I am sick of your incessant candy ass bellyaching over the impending Twinkie meltdown.
To hell with your sweet creamy centers. I don't care.
And while we're at it, to hell-hell with Ho-Hos as well-well. Have I ever peeled the "chocolate" coating off one of those mothers, unrolled the "cake" and removed the "cream" with my finger one bit at a time, licking off each smear? That's none of your goddamn business. Kiss my ass.
Sno Balls are an abomination. Ding Dong your schlong.
I was going to try this recipe and blog about it, with pictures and a Goat/Lil' OB taste test and all, until I got to this part: You will need a spice bottle, approximately the size of a Twinkie, ten 12 x 14 -inch pieces of aluminum foil, a cake decorator or pastry bag, and a chopstick.
Spice bottle? A chopstick? What the hell are we talking about here, a recipe or a scavenger hunt?
ATTENTION: Will someone please cue up an indignant rightie on his/her "The Mean Ol' Unions Took My Twinkies Away" rant?

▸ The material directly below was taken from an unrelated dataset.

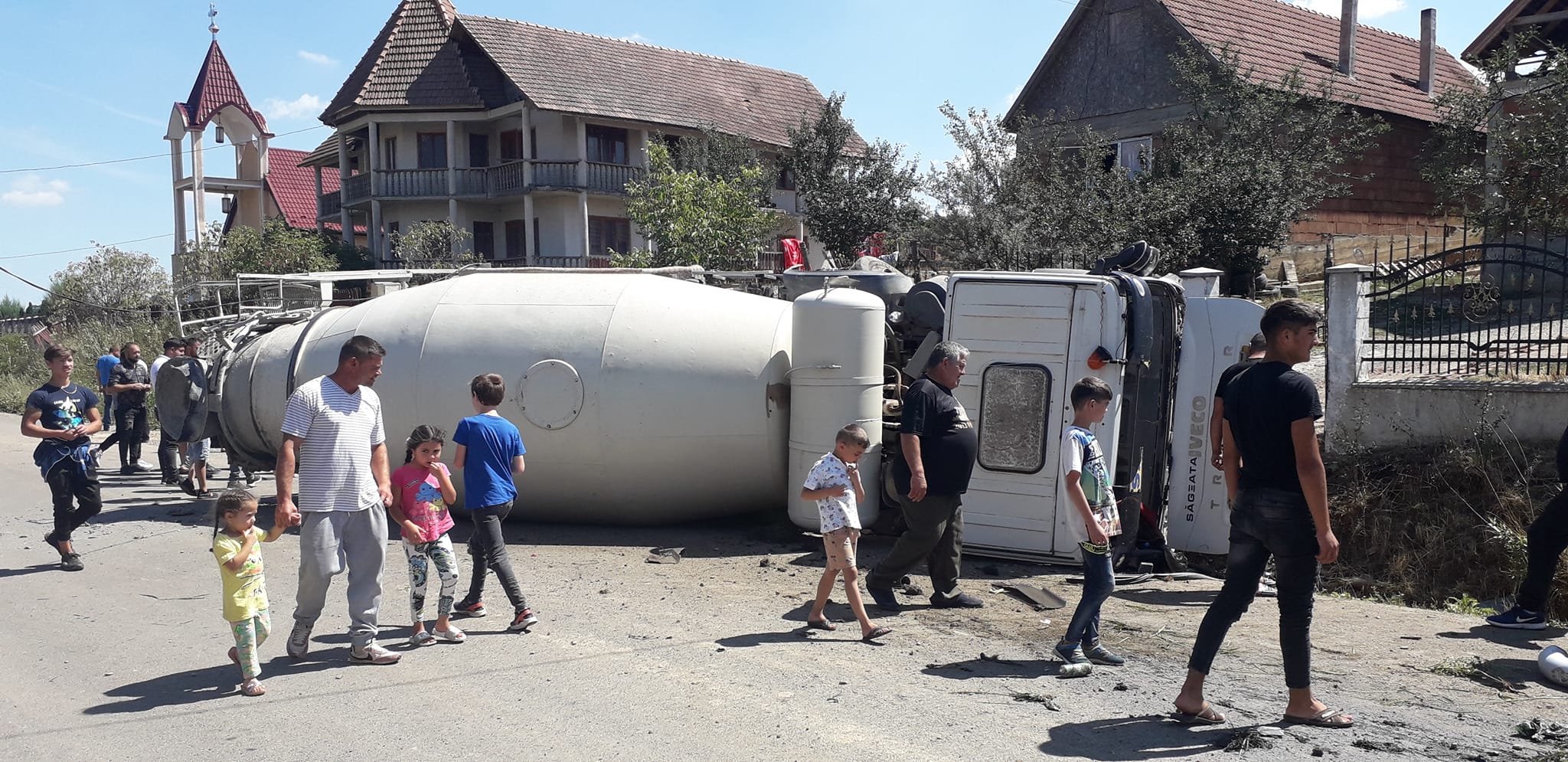 O cifă s-a răsturnat în satul Huseni, comuna Crasna. Din relatările martorilor, cifa aparține societății Săgeata SRL și accidentul s-ar fi produs din cauza vitezei.

I am in the process of developing the Plinkie. It'll be a cupcake thing (made from the cheapest generic yellow cake mix money can buy) with a dime-sized dot of red frosting/filling (the really shitty kind that comes in a tube that you squeeze) in the middle. Thing'll look like a boob. I'll wrap 'em up in plastic and sell them for a buck apiece via one of those self-serve type stands in my front yard (like one of your oldsters with their tomato and zucchini stands in the summer), complete with a coffee can to put your dollar(s) in and a stack of paper bags.
Yeah, I know. People will come and steal some cupcakes or money or bags. Maybe I'll put a secret cam out there and record who does what, live stream it on the Internet so you can find out if your boss or Aunt Gerrilyn is stealing Erin O'Brien's boob Plinkies, the miserable bastards.